§ Task description
Exactly the lines from the start of the data below through the line containing "adidas F50 League" must be returned, and no others.

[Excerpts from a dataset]
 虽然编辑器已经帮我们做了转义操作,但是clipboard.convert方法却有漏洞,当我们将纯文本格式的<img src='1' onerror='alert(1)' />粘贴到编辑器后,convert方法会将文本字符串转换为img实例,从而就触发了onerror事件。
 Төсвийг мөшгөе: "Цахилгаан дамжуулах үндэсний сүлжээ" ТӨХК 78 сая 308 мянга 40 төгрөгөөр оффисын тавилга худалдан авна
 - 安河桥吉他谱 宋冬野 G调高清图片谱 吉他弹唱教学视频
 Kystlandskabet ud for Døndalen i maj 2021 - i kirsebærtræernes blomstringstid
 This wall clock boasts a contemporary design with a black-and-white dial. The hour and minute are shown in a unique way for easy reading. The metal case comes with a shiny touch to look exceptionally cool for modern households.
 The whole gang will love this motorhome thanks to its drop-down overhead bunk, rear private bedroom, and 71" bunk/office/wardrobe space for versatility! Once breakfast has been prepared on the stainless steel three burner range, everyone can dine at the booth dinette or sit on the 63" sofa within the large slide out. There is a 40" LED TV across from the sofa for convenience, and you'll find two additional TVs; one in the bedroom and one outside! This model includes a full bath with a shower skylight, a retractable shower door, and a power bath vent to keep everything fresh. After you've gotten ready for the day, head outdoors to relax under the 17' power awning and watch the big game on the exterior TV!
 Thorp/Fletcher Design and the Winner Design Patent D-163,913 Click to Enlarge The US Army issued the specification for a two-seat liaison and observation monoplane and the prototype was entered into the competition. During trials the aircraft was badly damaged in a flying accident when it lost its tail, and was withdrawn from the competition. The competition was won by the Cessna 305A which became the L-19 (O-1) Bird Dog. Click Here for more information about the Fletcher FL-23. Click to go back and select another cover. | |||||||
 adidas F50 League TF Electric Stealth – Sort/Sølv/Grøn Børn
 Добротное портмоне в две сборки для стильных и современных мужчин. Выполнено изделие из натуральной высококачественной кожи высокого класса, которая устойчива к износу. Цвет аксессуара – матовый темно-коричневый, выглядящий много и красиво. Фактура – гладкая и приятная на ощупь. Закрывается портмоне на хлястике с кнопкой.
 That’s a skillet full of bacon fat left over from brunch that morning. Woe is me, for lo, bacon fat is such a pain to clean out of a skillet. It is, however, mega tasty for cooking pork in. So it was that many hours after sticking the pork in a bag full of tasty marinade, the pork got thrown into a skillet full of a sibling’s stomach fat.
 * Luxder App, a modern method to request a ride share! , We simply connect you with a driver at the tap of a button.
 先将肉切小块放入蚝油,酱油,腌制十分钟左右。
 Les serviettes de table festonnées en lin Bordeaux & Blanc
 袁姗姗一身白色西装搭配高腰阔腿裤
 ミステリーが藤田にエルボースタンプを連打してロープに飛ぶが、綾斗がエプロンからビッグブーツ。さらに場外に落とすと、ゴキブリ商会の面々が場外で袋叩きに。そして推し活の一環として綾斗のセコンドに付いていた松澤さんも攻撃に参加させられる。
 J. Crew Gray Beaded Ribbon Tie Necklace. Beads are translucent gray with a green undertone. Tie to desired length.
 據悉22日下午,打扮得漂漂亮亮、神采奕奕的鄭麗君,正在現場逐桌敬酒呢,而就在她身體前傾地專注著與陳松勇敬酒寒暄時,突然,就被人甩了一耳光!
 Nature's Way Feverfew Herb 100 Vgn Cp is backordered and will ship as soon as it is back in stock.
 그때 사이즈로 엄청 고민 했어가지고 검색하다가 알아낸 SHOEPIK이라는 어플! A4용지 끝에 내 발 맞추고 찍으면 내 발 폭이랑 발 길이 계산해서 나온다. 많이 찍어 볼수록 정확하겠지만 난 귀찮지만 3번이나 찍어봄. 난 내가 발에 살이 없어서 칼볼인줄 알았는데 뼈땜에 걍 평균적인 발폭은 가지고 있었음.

§ Written answer
 虽然编辑器已经帮我们做了转义操作,但是clipboard.convert方法却有漏洞,当我们将纯文本格式的<img src='1' onerror='alert(1)' />粘贴到编辑器后,convert方法会将文本字符串转换为img实例,从而就触发了onerror事件。
 Төсвийг мөшгөе: "Цахилгаан дамжуулах үндэсний сүлжээ" ТӨХК 78 сая 308 мянга 40 төгрөгөөр оффисын тавилга худалдан авна
 - 安河桥吉他谱 宋冬野 G调高清图片谱 吉他弹唱教学视频
 Kystlandskabet ud for Døndalen i maj 2021 - i kirsebærtræernes blomstringstid
 This wall clock boasts a contemporary design with a black-and-white dial. The hour and minute are shown in a unique way for easy reading. The metal case comes with a shiny touch to look exceptionally cool for modern households.
 The whole gang will love this motorhome thanks to its drop-down overhead bunk, rear private bedroom, and 71" bunk/office/wardrobe space for versatility! Once breakfast has been prepared on the stainless steel three burner range, everyone can dine at the booth dinette or sit on the 63" sofa within the large slide out. There is a 40" LED TV across from the sofa for convenience, and you'll find two additional TVs; one in the bedroom and one outside! This model includes a full bath with a shower skylight, a retractable shower door, and a power bath vent to keep everything fresh. After you've gotten ready for the day, head outdoors to relax under the 17' power awning and watch the big game on the exterior TV!
 Thorp/Fletcher Design and the Winner Design Patent D-163,913 Click to Enlarge The US Army issued the specification for a two-seat liaison and observation monoplane and the prototype was entered into the competition. During trials the aircraft was badly damaged in a flying accident when it lost its tail, and was withdrawn from the competition. The competition was won by the Cessna 305A which became the L-19 (O-1) Bird Dog. Click Here for more information about the Fletcher FL-23. Click to go back and select another cover. | |||||||
 adidas F50 League TF Electric Stealth – Sort/Sølv/Grøn Børn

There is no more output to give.